▸ YOUR ASSIGNMENT:
From the listing below, copy only the lines from the line that contains "HD-FO оптоволоконный лазер" to the line that contains "Compte tenu de", counting those two lines as part of the copy.

▸ RECORDS FOR THE EXERCISE:
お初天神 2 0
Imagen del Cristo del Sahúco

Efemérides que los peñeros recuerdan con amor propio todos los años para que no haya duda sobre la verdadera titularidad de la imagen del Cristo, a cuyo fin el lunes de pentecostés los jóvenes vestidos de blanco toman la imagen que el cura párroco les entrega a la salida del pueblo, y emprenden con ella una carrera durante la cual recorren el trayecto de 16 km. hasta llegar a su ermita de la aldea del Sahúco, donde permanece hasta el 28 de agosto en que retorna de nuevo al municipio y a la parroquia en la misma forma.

...

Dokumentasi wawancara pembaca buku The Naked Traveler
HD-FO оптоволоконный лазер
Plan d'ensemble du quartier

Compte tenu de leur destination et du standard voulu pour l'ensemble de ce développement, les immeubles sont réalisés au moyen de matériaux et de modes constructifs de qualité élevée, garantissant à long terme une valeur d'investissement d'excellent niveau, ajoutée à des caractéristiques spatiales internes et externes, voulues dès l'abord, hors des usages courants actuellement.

▸ FINISHED TASK:
HD-FO оптоволоконный лазер
Plan d'ensemble du quartier

Compte tenu de leur destination et du standard voulu pour l'ensemble de ce développement, les immeubles sont réalisés au moyen de matériaux et de modes constructifs de qualité élevée, garantissant à long terme une valeur d'investissement d'excellent niveau, ajoutée à des caractéristiques spatiales internes et externes, voulues dès l'abord, hors des usages courants actuellement.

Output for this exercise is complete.